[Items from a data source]
======

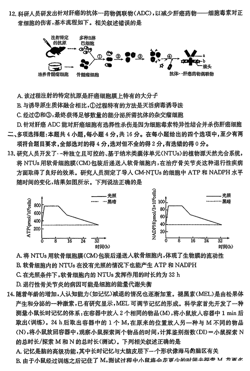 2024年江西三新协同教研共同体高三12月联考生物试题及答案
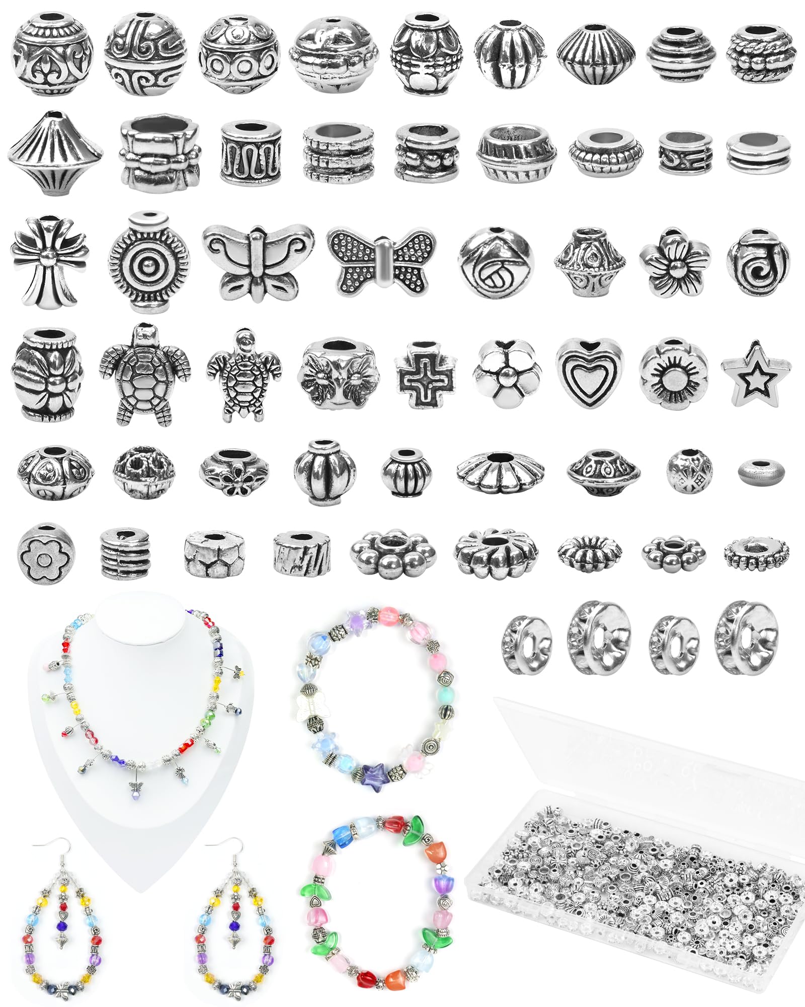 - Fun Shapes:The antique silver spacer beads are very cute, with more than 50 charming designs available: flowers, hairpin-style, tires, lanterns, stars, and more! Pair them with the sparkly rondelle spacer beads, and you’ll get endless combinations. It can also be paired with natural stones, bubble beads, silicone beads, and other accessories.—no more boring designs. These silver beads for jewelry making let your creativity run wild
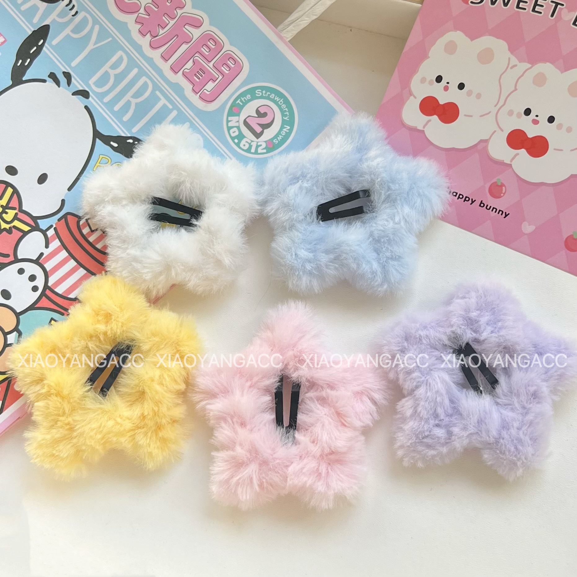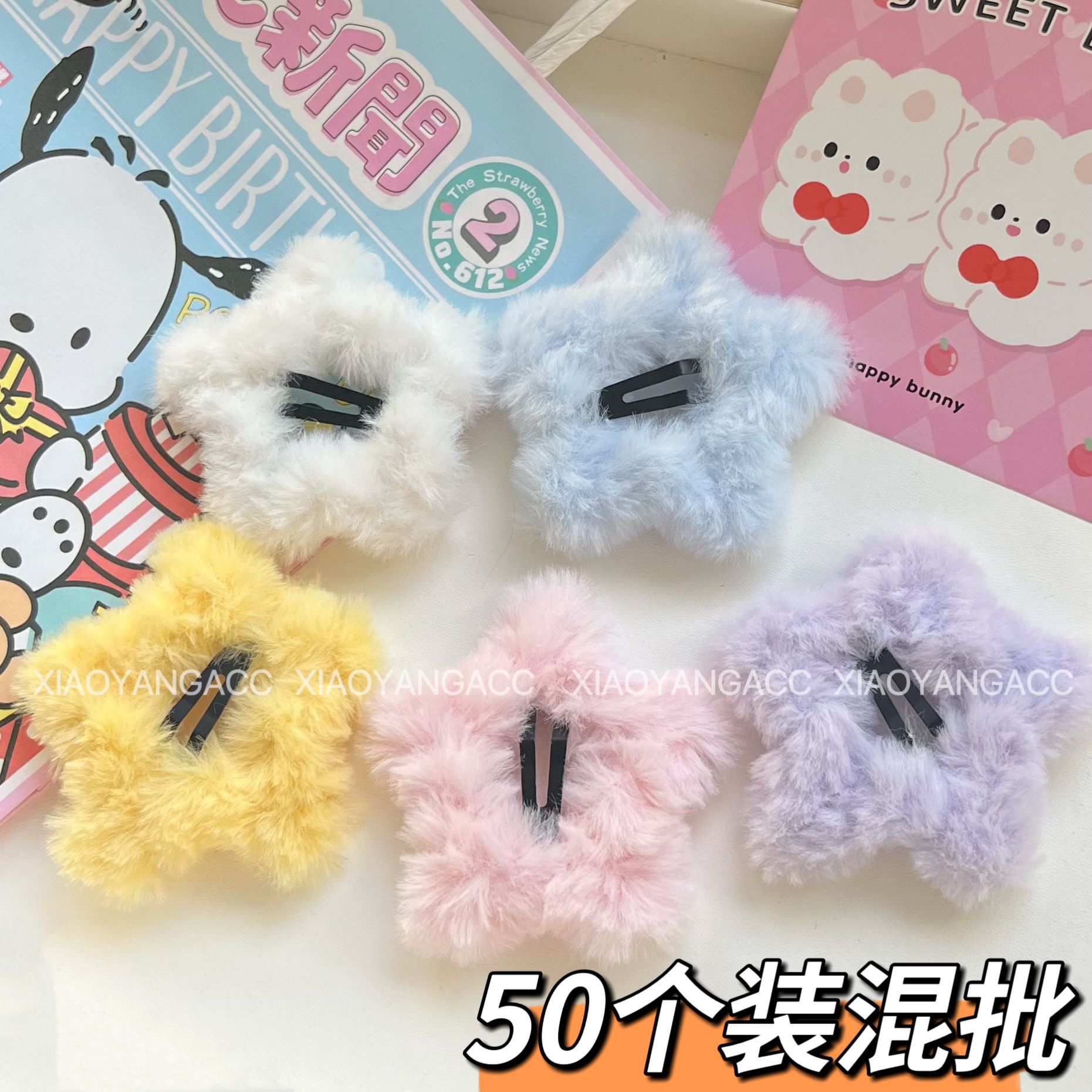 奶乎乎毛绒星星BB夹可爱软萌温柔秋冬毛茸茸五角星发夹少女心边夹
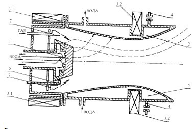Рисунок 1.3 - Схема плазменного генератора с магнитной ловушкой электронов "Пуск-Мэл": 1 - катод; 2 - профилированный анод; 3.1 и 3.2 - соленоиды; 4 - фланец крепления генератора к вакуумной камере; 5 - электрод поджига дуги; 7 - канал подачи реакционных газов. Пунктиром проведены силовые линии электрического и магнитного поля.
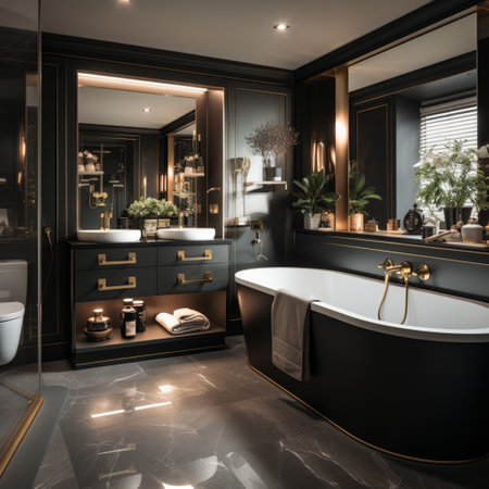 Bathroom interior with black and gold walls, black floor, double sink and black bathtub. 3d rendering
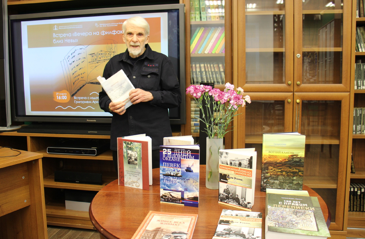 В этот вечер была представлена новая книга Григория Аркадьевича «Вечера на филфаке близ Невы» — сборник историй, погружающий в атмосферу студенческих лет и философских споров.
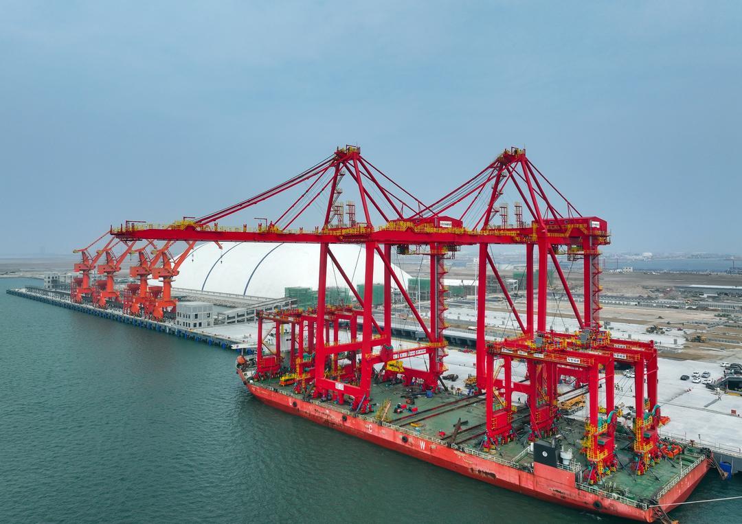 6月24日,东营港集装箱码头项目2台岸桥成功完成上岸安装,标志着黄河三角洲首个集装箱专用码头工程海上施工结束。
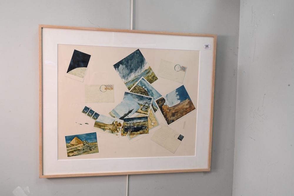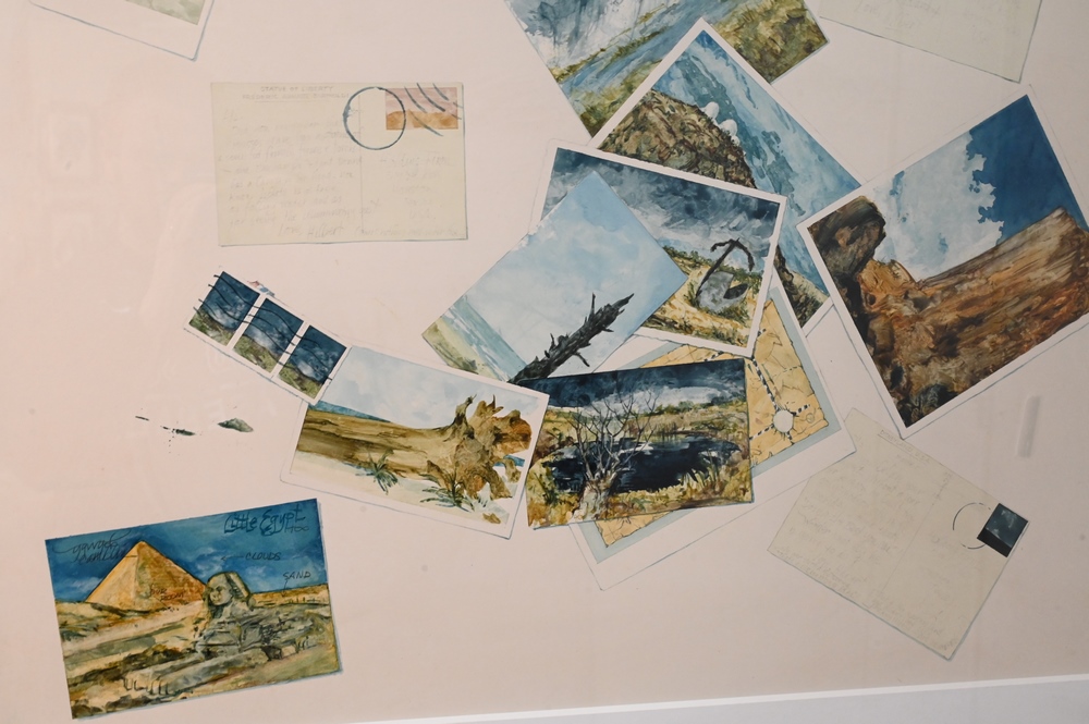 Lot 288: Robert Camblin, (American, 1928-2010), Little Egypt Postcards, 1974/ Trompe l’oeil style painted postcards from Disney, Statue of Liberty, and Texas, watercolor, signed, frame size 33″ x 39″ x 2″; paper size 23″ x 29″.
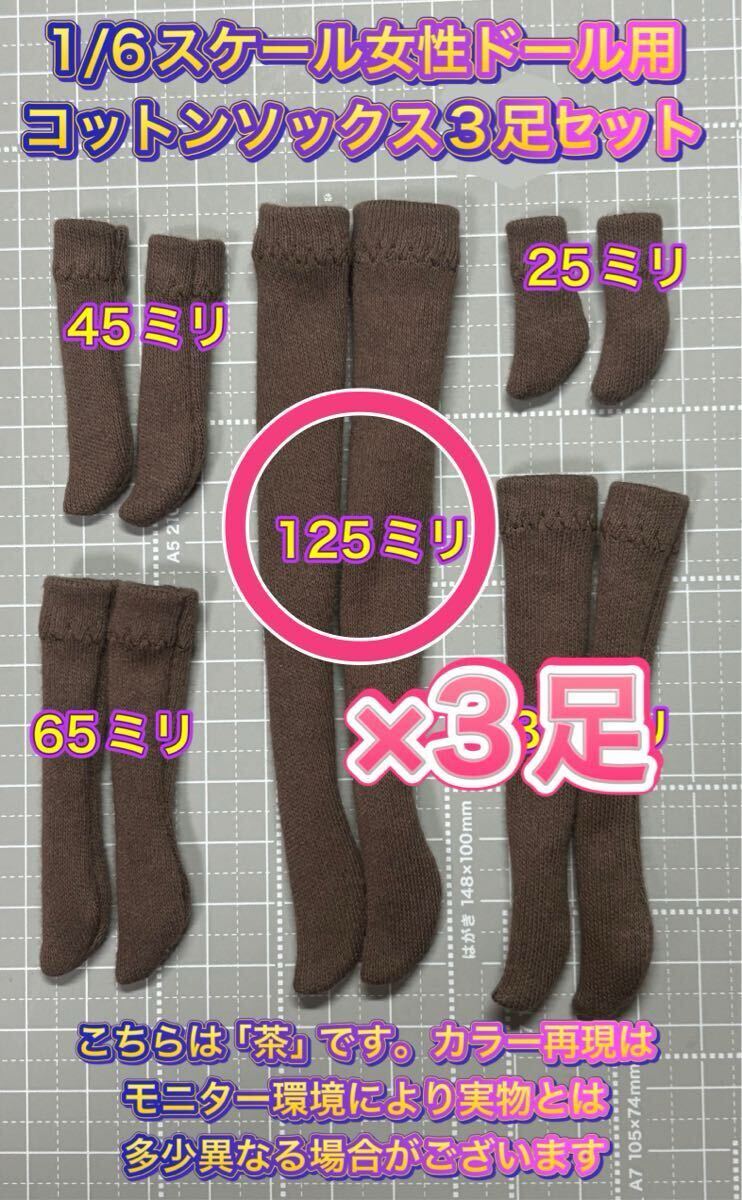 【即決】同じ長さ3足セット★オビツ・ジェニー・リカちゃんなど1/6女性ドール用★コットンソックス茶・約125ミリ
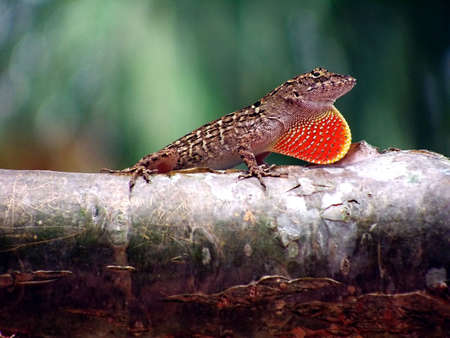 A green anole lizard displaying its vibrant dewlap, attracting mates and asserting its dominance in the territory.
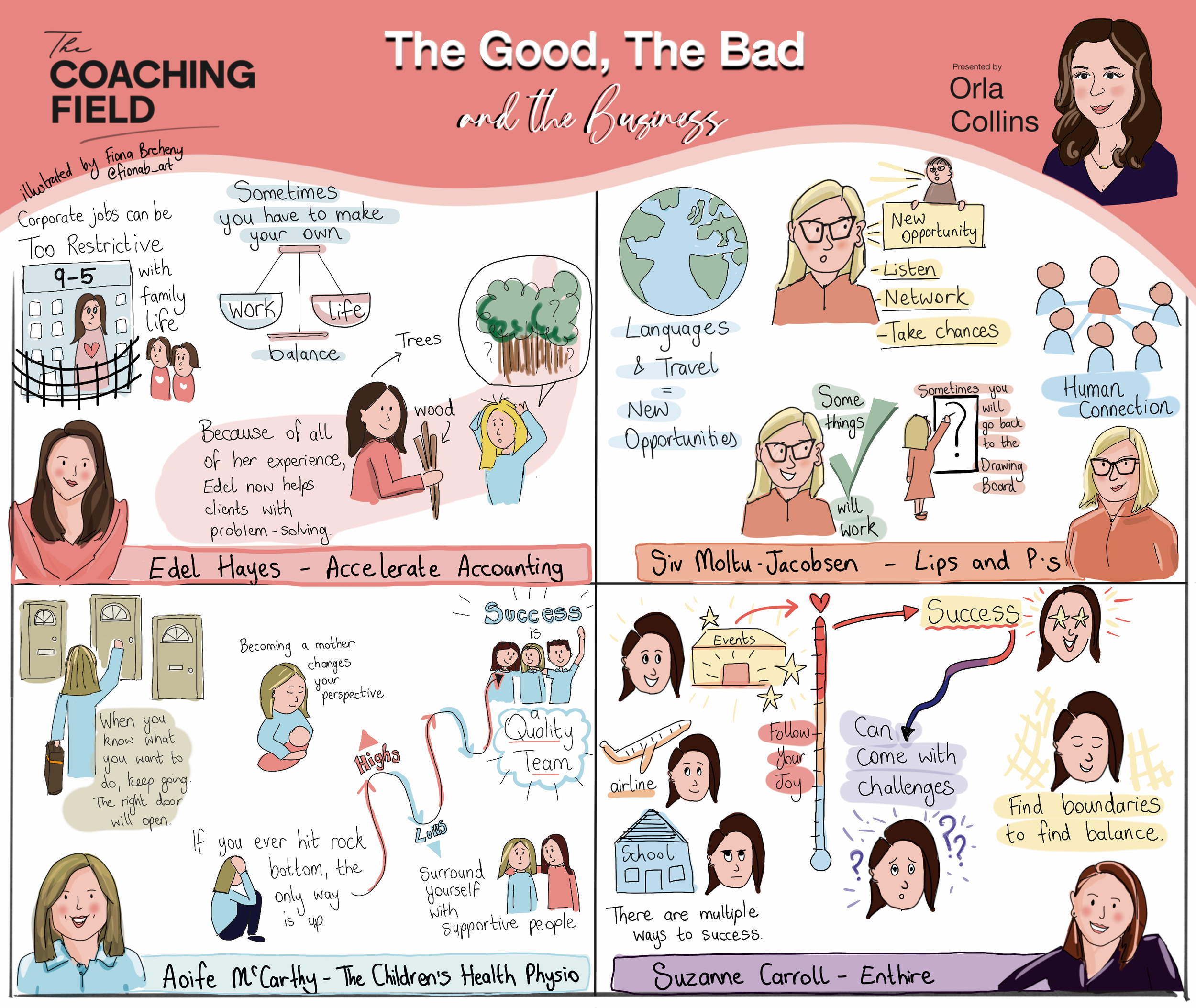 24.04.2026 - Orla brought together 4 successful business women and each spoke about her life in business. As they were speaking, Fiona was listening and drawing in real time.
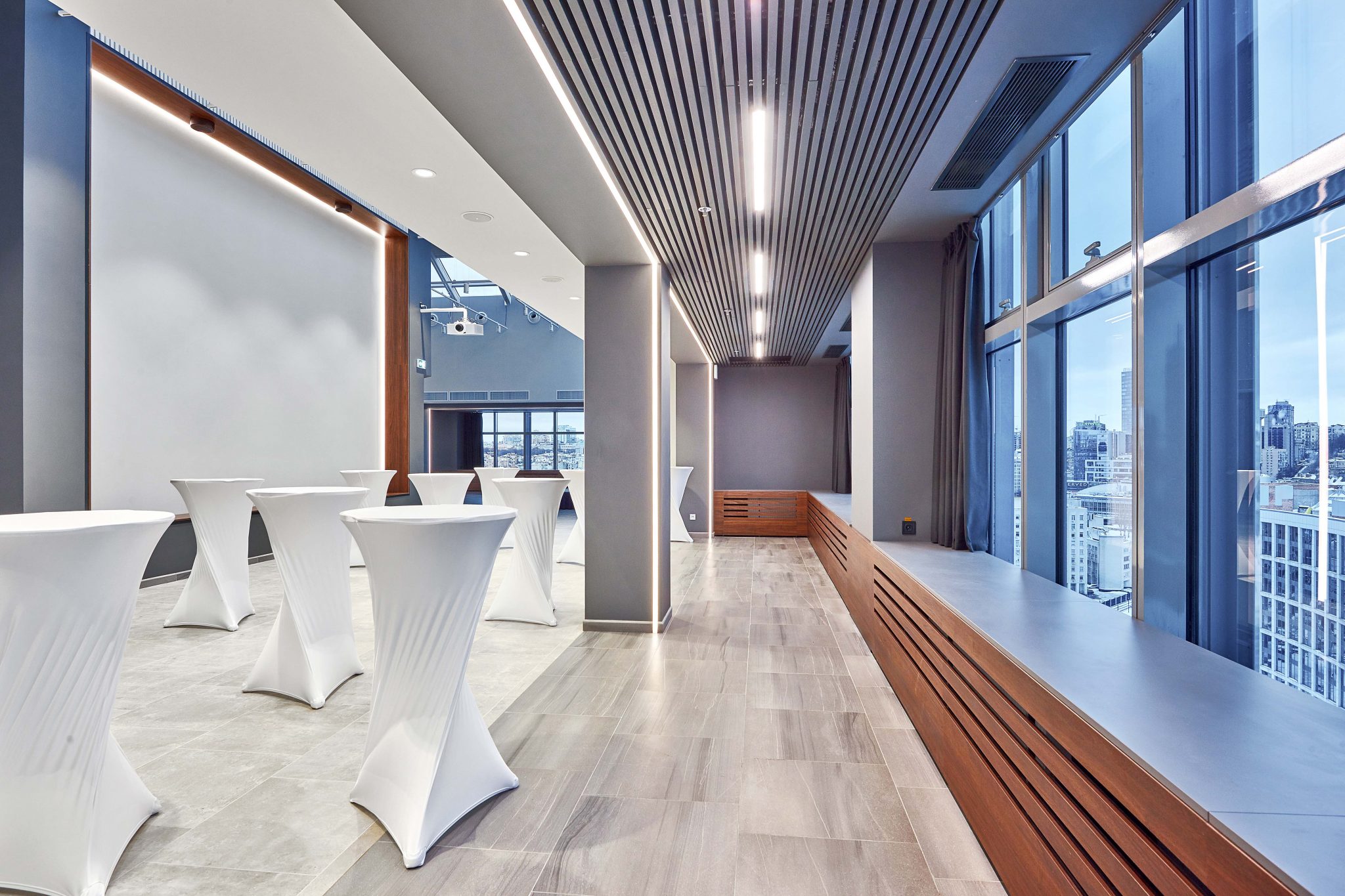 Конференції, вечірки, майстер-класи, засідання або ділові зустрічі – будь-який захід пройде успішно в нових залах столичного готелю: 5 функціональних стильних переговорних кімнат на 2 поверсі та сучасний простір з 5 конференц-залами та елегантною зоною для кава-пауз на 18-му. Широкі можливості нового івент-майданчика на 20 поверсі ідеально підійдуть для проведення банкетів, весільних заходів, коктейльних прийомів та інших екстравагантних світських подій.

======

Please copy the records above word for word, leaving out every picture.

TASK RESPONSE:
 2024年江西三新协同教研共同体高三12月联考生物试题及答案
 - Fun Shapes:The antique silver spacer beads are very cute, with more than 50 charming designs available: flowers, hairpin-style, tires, lanterns, stars, and more! Pair them with the sparkly rondelle spacer beads, and you’ll get endless combinations. It can also be paired with natural stones, bubble beads, silicone beads, and other accessories.—no more boring designs. These silver beads for jewelry making let your creativity run wild
 奶乎乎毛绒星星BB夹可爱软萌温柔秋冬毛茸茸五角星发夹少女心边夹
Рисунок 1.3 - Схема плазменного генератора с магнитной ловушкой электронов "Пуск-Мэл": 1 - катод; 2 - профилированный анод; 3.1 и 3.2 - соленоиды; 4 - фланец крепления генератора к вакуумной камере; 5 - электрод поджига дуги; 7 - канал подачи реакционных газов. Пунктиром проведены силовые линии электрического и магнитного поля.
 Bathroom interior with black and gold walls, black floor, double sink and black bathtub. 3d rendering
 В этот вечер была представлена новая книга Григория Аркадьевича «Вечера на филфаке близ Невы» — сборник историй, погружающий в атмосферу студенческих лет и философских споров.
 6月24日,东营港集装箱码头项目2台岸桥成功完成上岸安装,标志着黄河三角洲首个集装箱专用码头工程海上施工结束。
 Lot 288: Robert Camblin, (American, 1928-2010), Little Egypt Postcards, 1974/ Trompe l’oeil style painted postcards from Disney, Statue of Liberty, and Texas, watercolor, signed, frame size 33″ x 39″ x 2″; paper size 23″ x 29″.
 【即決】同じ長さ3足セット★オビツ・ジェニー・リカちゃんなど1/6女性ドール用★コットンソックス茶・約125ミリ
 A green anole lizard displaying its vibrant dewlap, attracting mates and asserting its dominance in the territory.
 24.04.2026 - Orla brought together 4 successful business women and each spoke about her life in business. As they were speaking, Fiona was listening and drawing in real time.
 Конференції, вечірки, майстер-класи, засідання або ділові зустрічі – будь-який захід пройде успішно в нових залах столичного готелю: 5 функціональних стильних переговорних кімнат на 2 поверсі та сучасний простір з 5 конференц-залами та елегантною зоною для кава-пауз на 18-му. Широкі можливості нового івент-майданчика на 20 поверсі ідеально підійдуть для проведення банкетів, весільних заходів, коктейльних прийомів та інших екстравагантних світських подій.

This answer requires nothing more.